___ DATA FOR REVIEW

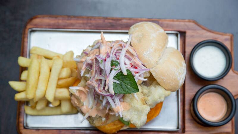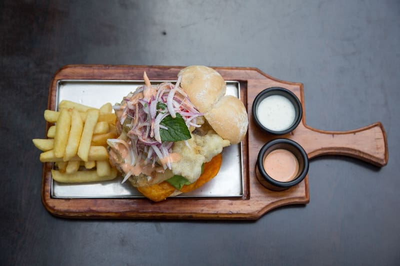 Uno de los sánguches imperdibles ahí es el de "pejerrey" ($ 5.290), que lleva una buena cantidad pejerrey arrebozado, lechuga, camote, palta y salsa acevichada, hecha con cebolla morada, cilantro, limón y vinagreta.
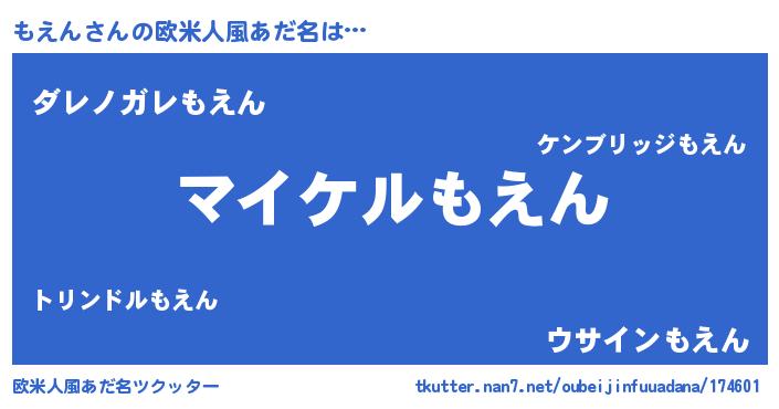 | ヒーロー風カッコイイあだ名 | 『スーパーモエン』『仮面モエダー』 |
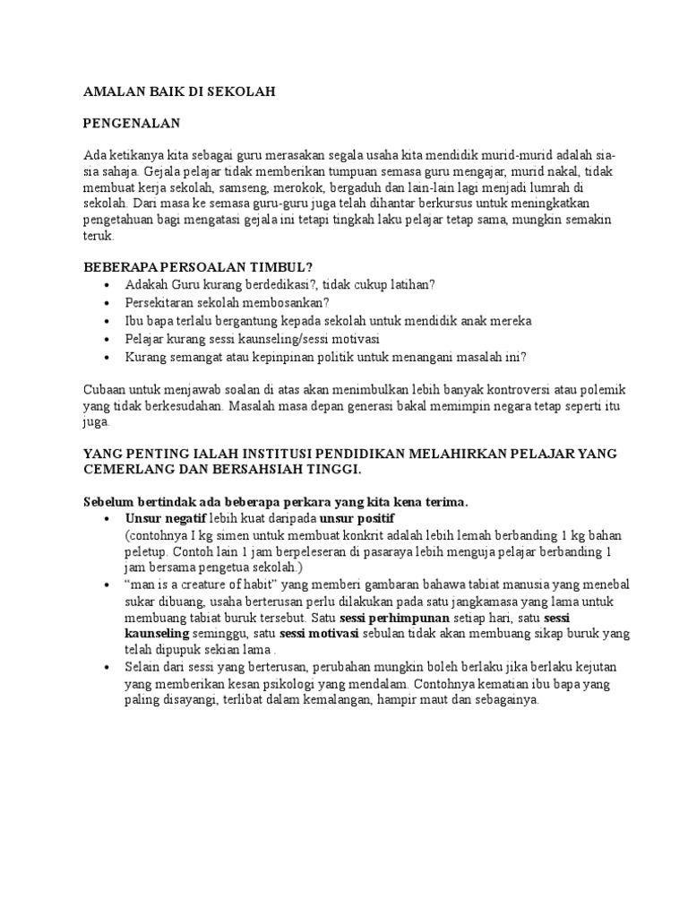 Contoh Amalan Baik Murid Di Sekolah
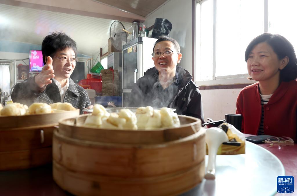11月14日,《大船干絲》文章作者葉慧蓮(左)在泰州市海陵區(qū)華港鎮(zhèn)一家大船干絲早茶店向慕名而來的兩位客人介紹該店的一些特色小吃。葉慧蓮吃了老家港口的早茶后,寫了一篇《大船干絲》的散文,文章見報后,流傳甚廣,眾多城里人“按文索驥”開車到鄉(xiāng)下的這家早茶店來品嘗。
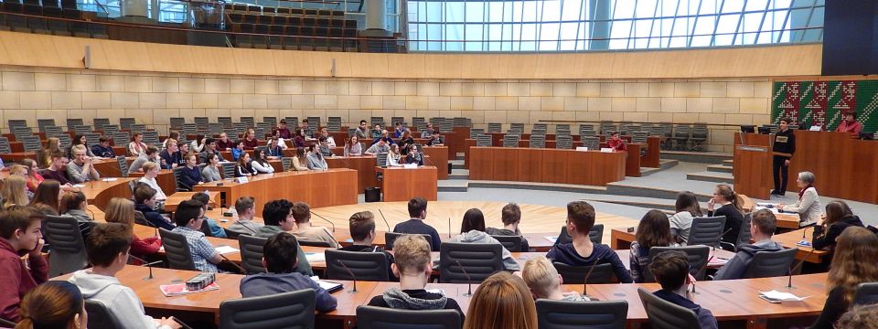 Einmal Minister oder Abgeordneter im Landtag sein: die Adolfiner aus den Klassen 9 durften es ausprobieren.
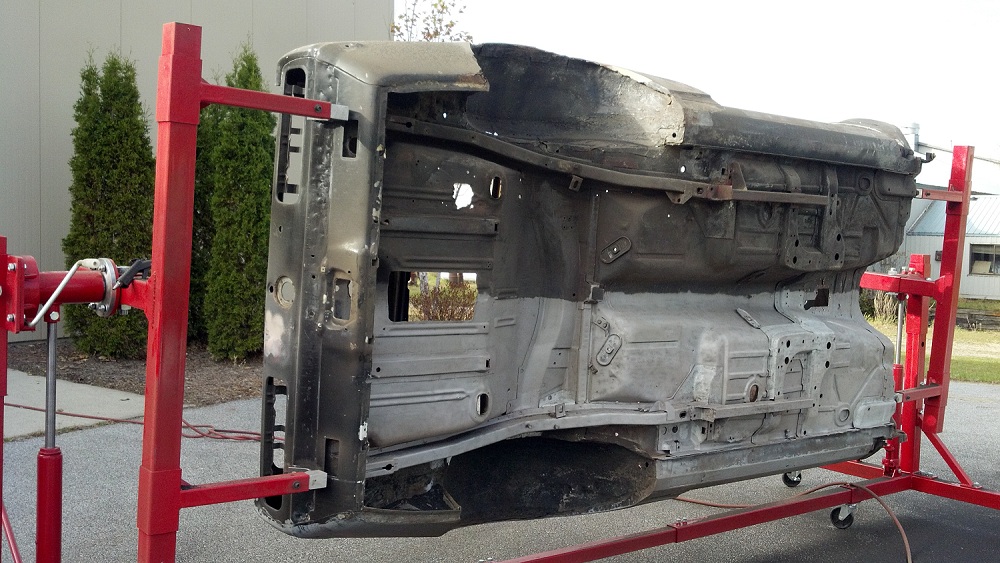 The second picture is what it first looked like when I put it on my rotisserie 2 years later. In this picture I had removed the frame reinforcements that were welded in to stiffer the car for drag racing.
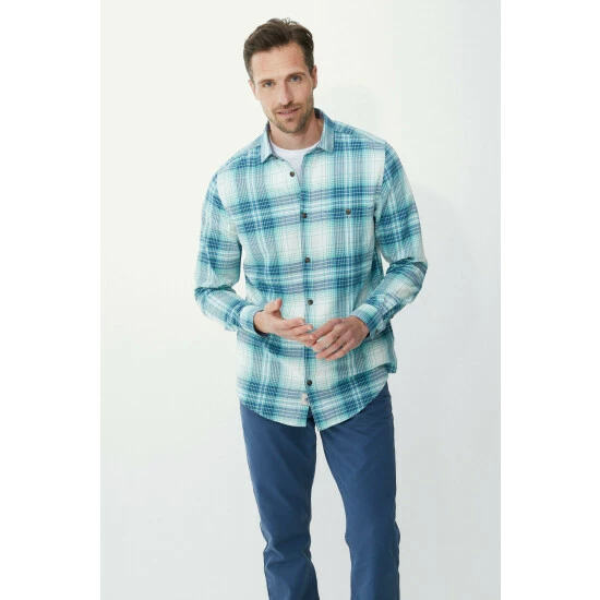Pastel check shirt from Mantaray. Inject a breath of fresh air into your casual wardrobe with this check shirt. This versatile smart casual check shirt features a handy chest pocket, soft collar and long sleeves that can be worn rolled up or down. Crafted from a 100% cotton, this regular-fit style is roomy enough to layer over T-shirts or Henley tops and is also perfect for layering under knitwear.
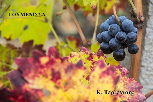 Ξεχασμένες ρώγες μαβιές και στυφές, κρυμμένες στα πορφυρά αμπελόφυλλα του φθινοπώρου, αφημένες ελπίδες των καιρών στο αμπελοτόπι της Γουμένισσας, στις πλαγιές του Πάικου.
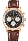 43.00 mm red gold case, 14.22 mm thick, sapphire crystal back, non screw-locked crown with two gaskets, bidirectional bezel with slide rule, cambered sapphire crystal with glareproof treatment on both sides, black dial, Breitling 01 self-winding movement with date in dial aperture and chronograph function, approximately 70 hours of power reserve, brown croco strap, tang buckle. Water resistant to 3 bars.
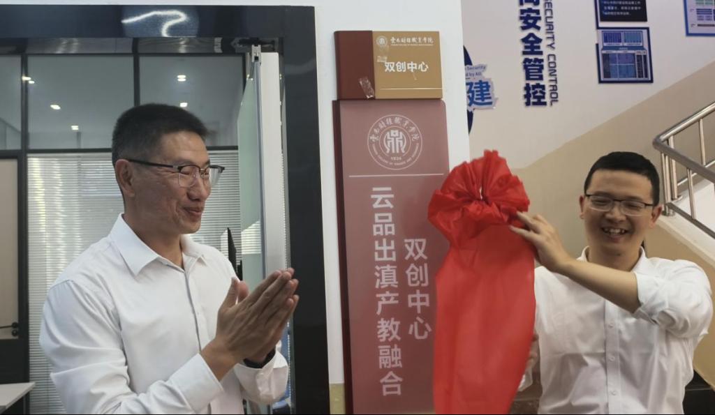 刘珍亿首先从服务国家创新驱动发展战略、培养服务地方经济的高素质人才的角度,阐述了创新创业中心成立的重大意义,向一直以来关心和支持学院专业发展的云南开明古韵科技有限公司表示感谢,随后,刘珍亿与吴平三共同为“云品出滇产教融合双创中心”隆重揭牌。
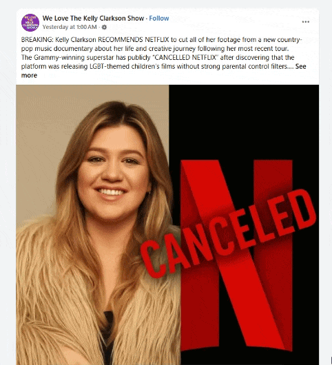 One example appeared in an October 29, 2025 post on Facebook account @AvrilUncovered (archived here) about singer Avril Lavigne. It opened with an image of Lavigne and a message:
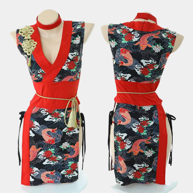Fish Print Japanese Kimono Lingerie Dress
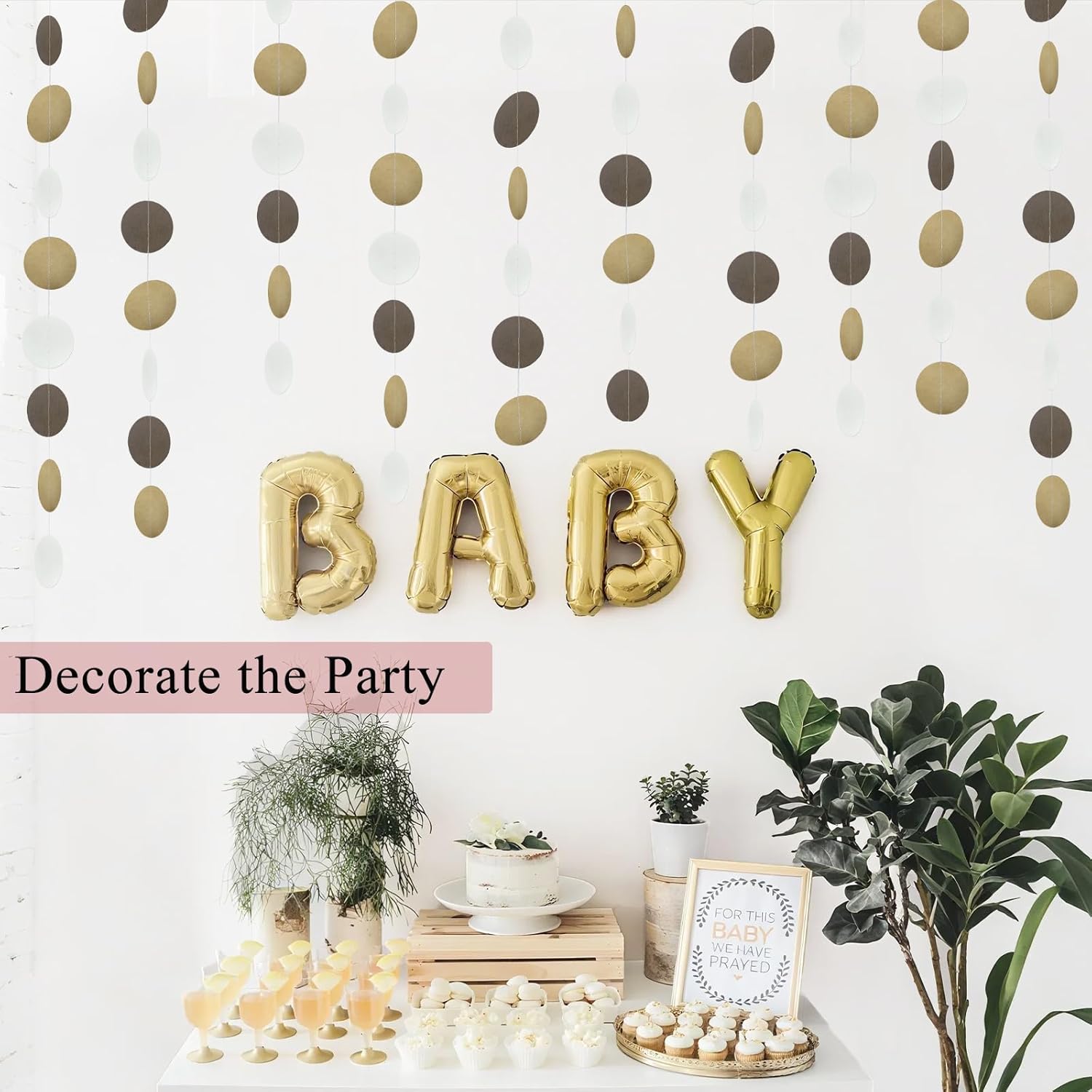 MerryNine Paper Garland 5 Pack, 50ft Glitter Paper Garland Circle Dots Hanging Decor, Banner for Baby Shower, Birthday, Nursery Party Decor (Brown Kraft Beige)
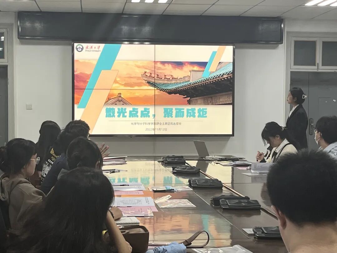 11月12日中午,武汉大学化学与分子科学学院第二十一届研究生代表大会常任代表委员会第二次全体会议于化西210会议室举行。学院团委副书记、研究生会秘书长武凌宇老师、学院常任代表委员会委员、学院研究生会主席团成员以及常代办部分工作人员参加会议,学院第二十届常任代表委员会办公室负责人王嘉欣同学主持本次会议。
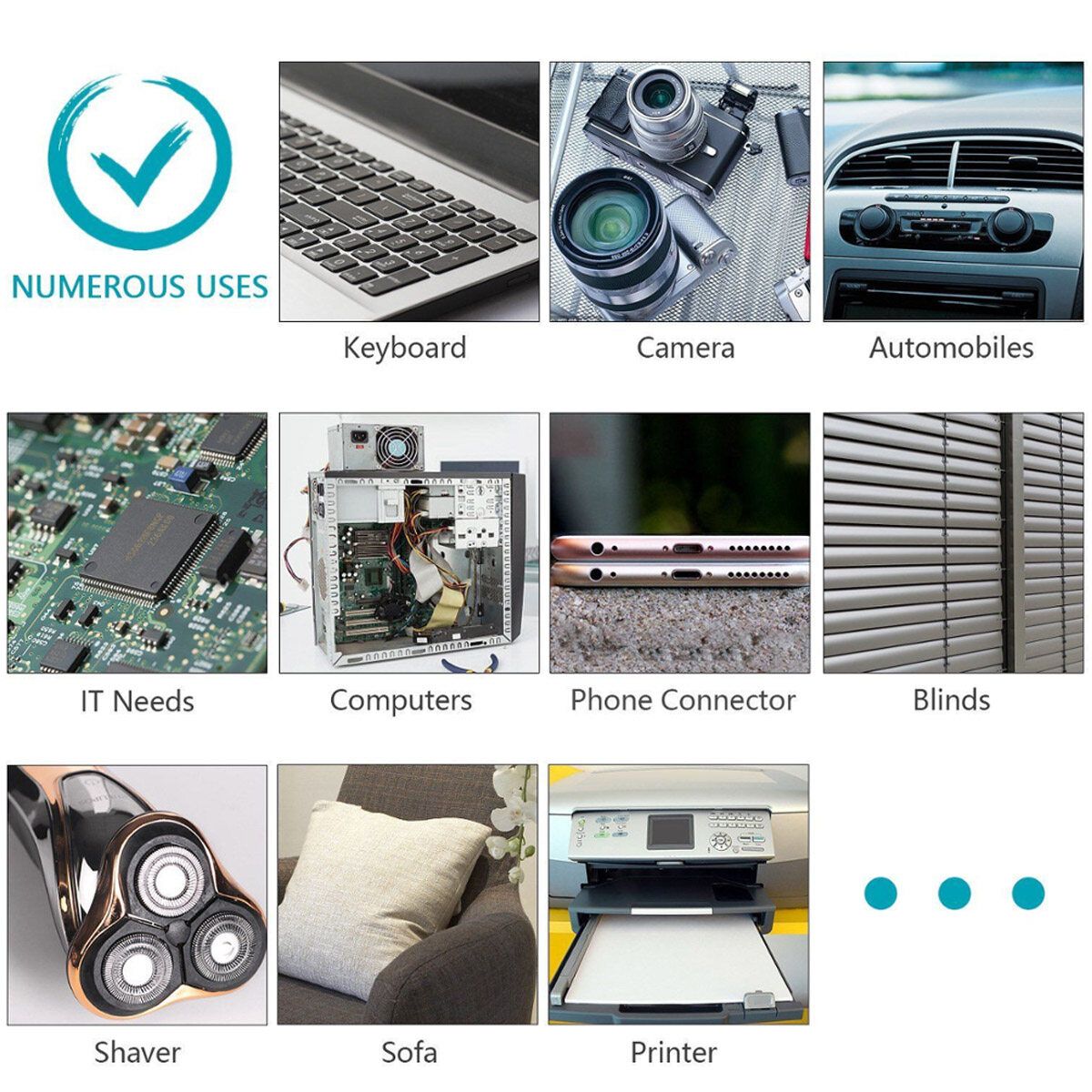 1 x Cordless Air Duster 1 x Long Hair Brush 1 x Long Blowing Mouth 1 x USB Charging Cable

______

◆ **TASK**: Once you reach the line containing "Fish Print Japanese Kimono Lingerie Dress", print it and every line after it exactly, through the end of the entries, without any pictures.

◆ **SOLUTION TO THE PROBLEM**:
Fish Print Japanese Kimono Lingerie Dress
 MerryNine Paper Garland 5 Pack, 50ft Glitter Paper Garland Circle Dots Hanging Decor, Banner for Baby Shower, Birthday, Nursery Party Decor (Brown Kraft Beige)
 11月12日中午,武汉大学化学与分子科学学院第二十一届研究生代表大会常任代表委员会第二次全体会议于化西210会议室举行。学院团委副书记、研究生会秘书长武凌宇老师、学院常任代表委员会委员、学院研究生会主席团成员以及常代办部分工作人员参加会议,学院第二十届常任代表委员会办公室负责人王嘉欣同学主持本次会议。
 1 x Cordless Air Duster 1 x Long Hair Brush 1 x Long Blowing Mouth 1 x USB Charging Cable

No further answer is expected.